Using this data, Greyparrot says Deepnest provides brands with actionable insights, generating tailored recommendations to improve packaging, from shape and color to material composition, allowing those brands to measure the real-world impact of their product innovations. Brands can use Deepnest to:

  • benchmark packaging recycling performance against competitors and category standards;
  • test and compare packaging formats within sub-brands before scaling across the full portfolio;
  • identify specific design elements that reduce recyclability in priority markets; and
  • quantify the impact of research and development (R&D) efforts, packaging innovations and circularity interventions

Greyparrot says its “ultimate ambition” is that Deepnest not only will reduce financial risk, but help brands keep much higher volumes of their recyclable materials in their own value chain.

“The term ‘waste’ is itself a misnomer,” Greyparrot co-founder Ambarish Mitra says. “Our data shows that postconsumption materials are worth billions to our global economy. For too long, brands have had to operate with little visibility into their packaging’s end of life. Empowering brands with real-world data on their products’ recyclability gives them a huge competitive advantage, which is exactly what Deepnest is designed to do. As regulations tighten and consumer demands grow, winners will be those who act on real-time insight—and can prove it.”

Unilever and Amcor are some of the consumer goods brands and packaging producers trialing the technology.

“AI-enabled waste intelligence tools have great potential to provide new visibility into how packaging is actually being sorted and processed in real-world recycling systems,” says Dr. Liz Smith, global R&D head of Deodorants at Lond-based Unilever. “Our goal is to reduce our virgin plastic use and make our plastic packaging reusable, recyclable or compostable, and insights like these could critically help to inform future packaging design, enable recyclability in practice and at scale and increase the supply of high-quality recycled materials.”

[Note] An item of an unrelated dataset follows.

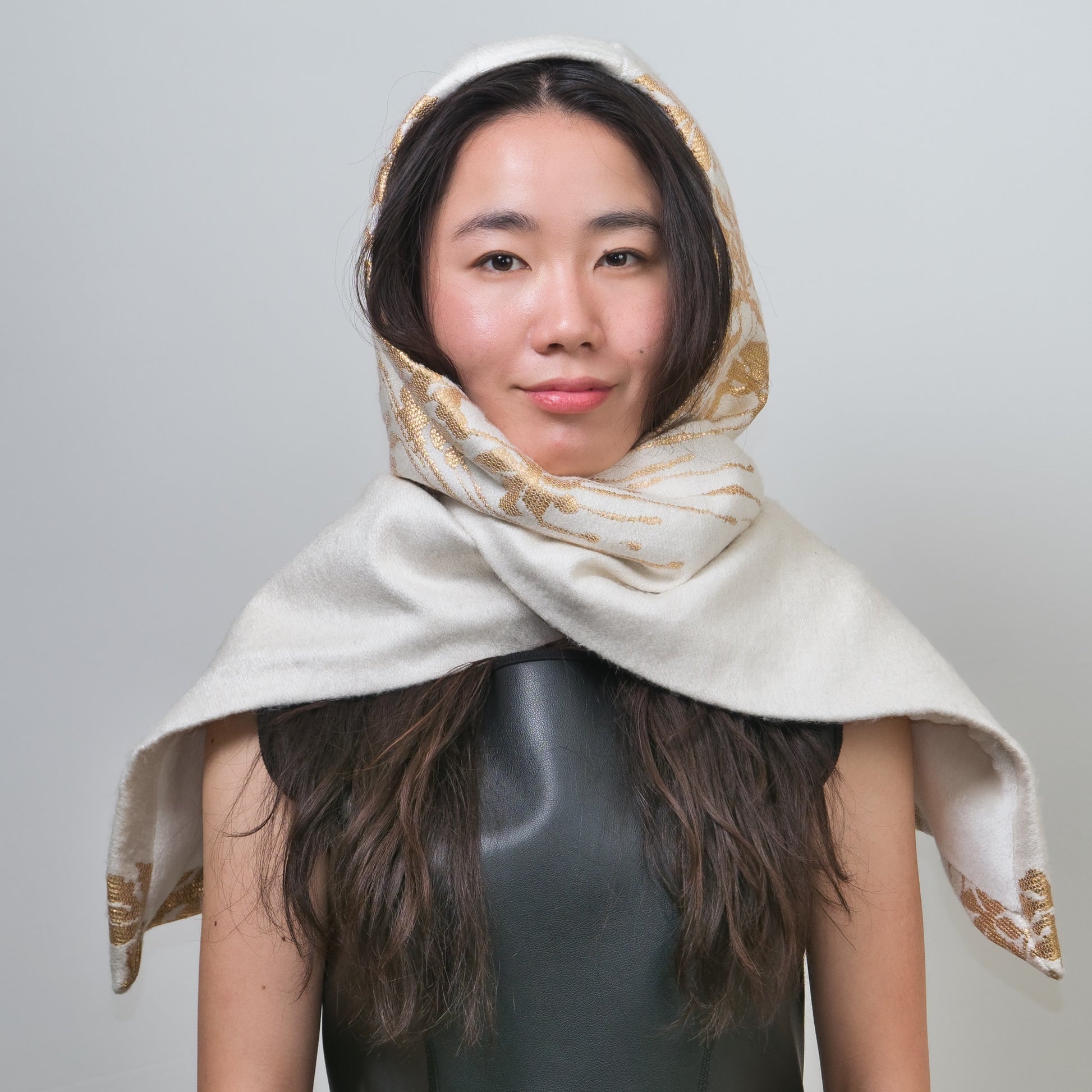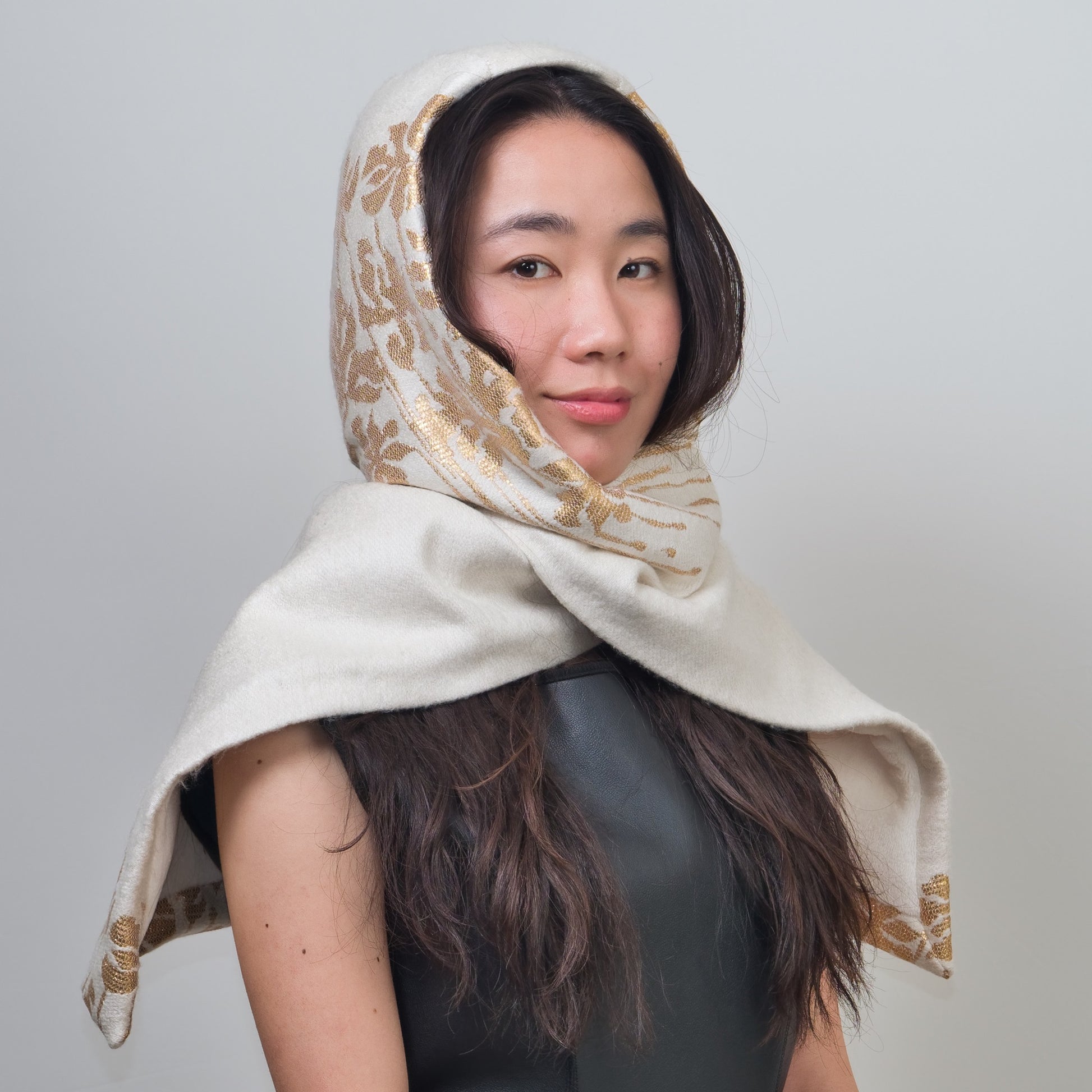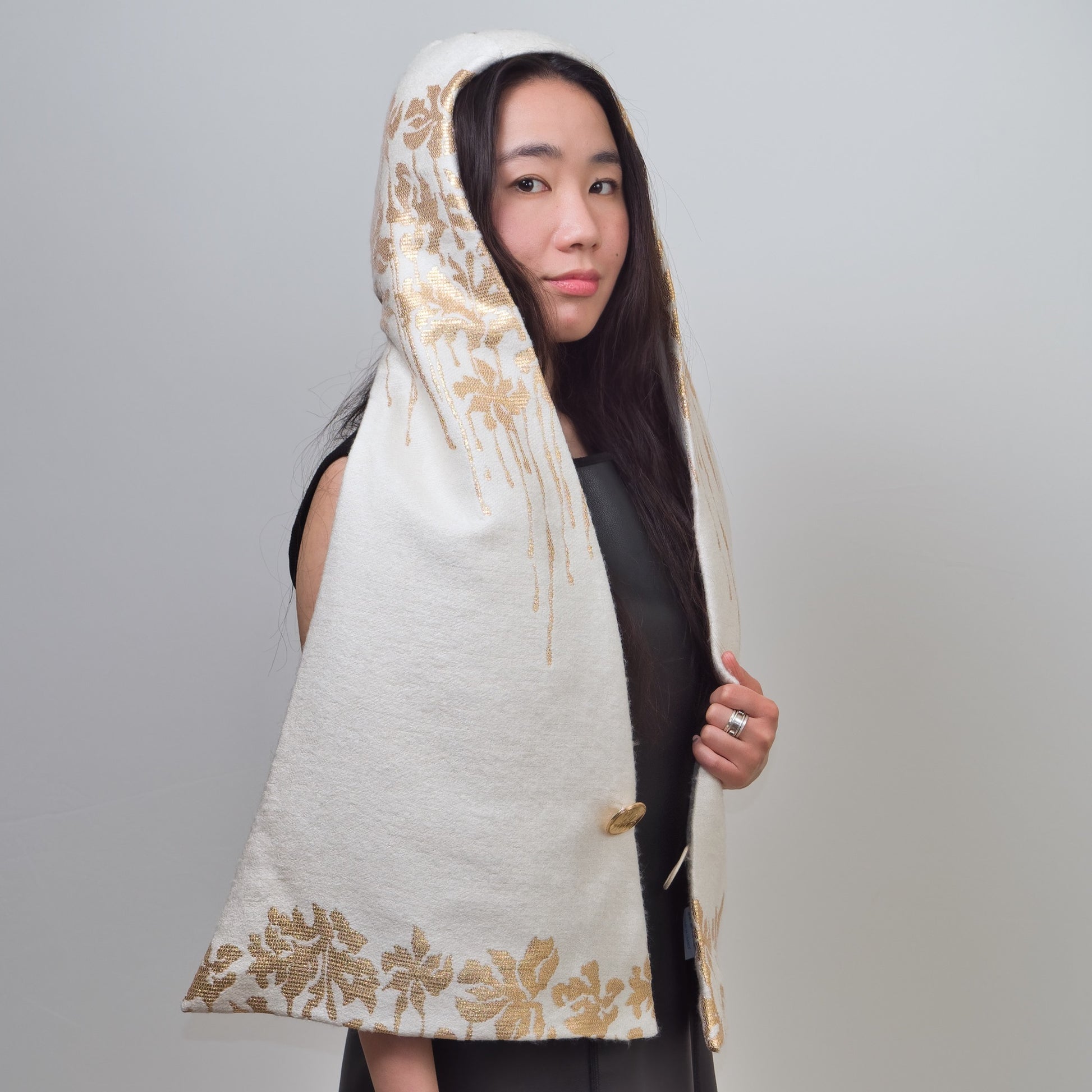 The "Winter Princess" hooded scarf is made with a high-fashion fabric from the French Maison "Malhia Kent". Shiny golden metallic threads present a poetic leaf motif.

Mark Roberts, circular economy director at Switzerland-based Amcor, notes that the packaging industry relies on lab-scale testing and software models to predict recyclability of packaging solutions, but actual real-life data is missing, given the resources required to get material data at scale from operating facilities. “With Greyparrot’s AI-powered waste intelligence, Deepnest is unlocking real-world recyclability data that the packaging data chain has been missing.”

Australia-based Asahi Beverages is another company trialing Deepnest. The company recently has increased its use of sustainable packaging, including switching to 100 percent-recycled plastic bottles for brands such as Pepsi Max, Solo, Schweppes and Sunkist. The company also operates Australia’s largest polyethylene terephthalate (PET) recycling facility—a joint venture with The Coca-Cola Co. and Europacific Partners, and Asahi Chief Supply Chain Officer Sandra Gibbs says the company has been looking for real-time data to help maximize its impact.

“That’s why we installed Greyparrot Analyzers to unlock operational data to improve recycling quality and output,” Gibbs says. “Deepnest can transform that data into insights to guide smarter packaging design from the outset. We’re exploring how this technology can help us embed a data-driven approach across the entire packaging life cycle, moving us closer to 100 percent circular packaging.”